Deploying with dlthub deploy
This is the central command for manifest-based deployment. It reads __deployment__.py, generates a manifest, and syncs it to the dltHub platform:
dlthub deploy
The deploy command:
- Imports
__deployment__.pyand collects every job - Generates a deployment manifest (a JSON document describing every job's triggers, entry point, and metadata)
- Syncs your code and configuration to the dltHub platform
- Sends the manifest for reconciliation
Reconciliation
The dltHub platform compares the new manifest against the currently deployed jobs:
| Status | Meaning |
|---|---|
| added | New job — will be created |
| updated | Job definition changed — will be updated |
| unchanged | No changes — left as-is |
| archived | Job was in the previous manifest but not in this one — triggers disabled, history preserved |
Removing a job from __deployment__.py does not delete it — it archives it, preserving run history and logs.
Preview before deploying
# see what would change without applying
dlthub deploy --dry-run
# dump the full expanded manifest as YAML
dlthub deploy --show-manifest
Running and monitoring deployed jobs
Once deployed, scheduled jobs run automatically.

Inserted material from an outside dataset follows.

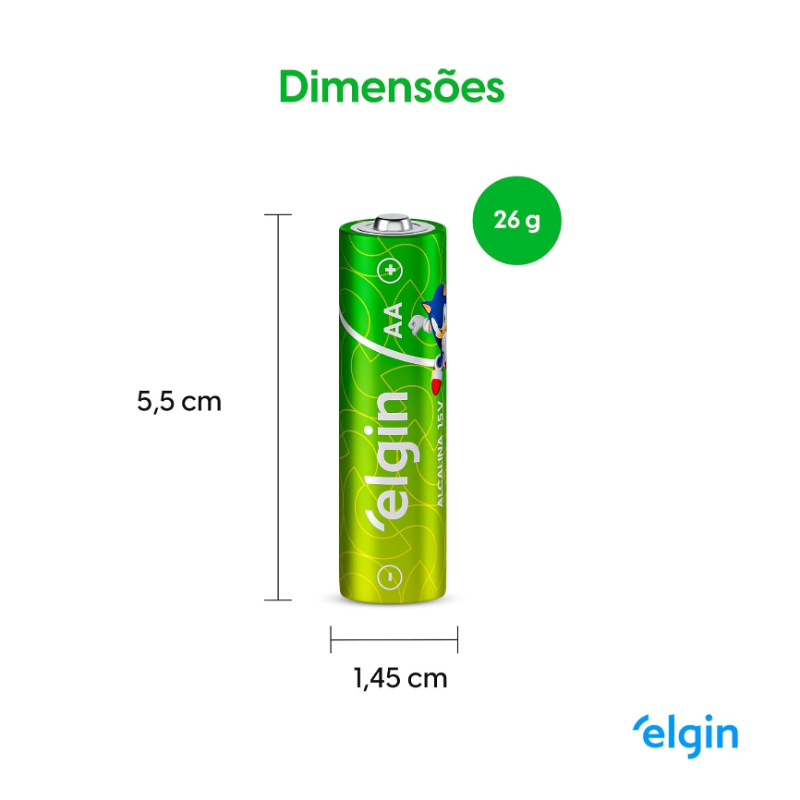 As pilhas Alcalinas Elgin são parceiras Sonic the Hedgehog, ideais para brinquedos, controle remotos, lanternas e outros aparelhos que requerem descargas de energia rápidas e fortes. Elas foram aprovadas em todos os quesitos e têm ótima relação custo/benefício, você economiza e ainda conta com pilhas de alta qualidade. Entre 11 marcas de pilhas do mercado avaliadas em testes do INMETRO, as pilhas Elgin apresentaram um resultado excelente na relação custo por hora útil. Além disso, elas são testadas periodicamente por laboratórios credenciados pelo INMETRO, para garantir a qualidade e conformidade com a resolução Conama 401.

You can also run them by hand:
# launch a specific job by name (ad-hoc run, syncs code first)
dlthub run load_commits -f
# trigger jobs without re-syncing code (uses currently deployed code)
dlthub job trigger "tag:ingest"
dlthub job trigger "schedule:*"
dlthub job trigger "tag:ingest" --dry-run # preview only
# trigger by pipeline name
dlthub pipeline run github_pipeline
# serve an interactive job
dlthub serve github_report_notebook
For diagnosing failed runs, viewing logs, and dashboards, see Monitoring and debugging.
Deployments and configurations are versioned separately
- Deployment — your code files (
.pyscripts, notebooks) - Configuration — your
.dlt/*.tomlfiles (settings and secrets)
You can update code without changing secrets and vice versa. Use these commands to sync them independently:
# Sync code and configuration without reconciling the manifest
dlthub workspace deployment sync # sync only code
dlthub workspace configuration sync # sync only configuration
# List and inspect previous versions
dlthub workspace deployment list
dlthub workspace deployment info [version_number]
dlthub workspace configuration list
dlthub workspace configuration info [version]
See the CLI reference for the full set of deployment and job commands.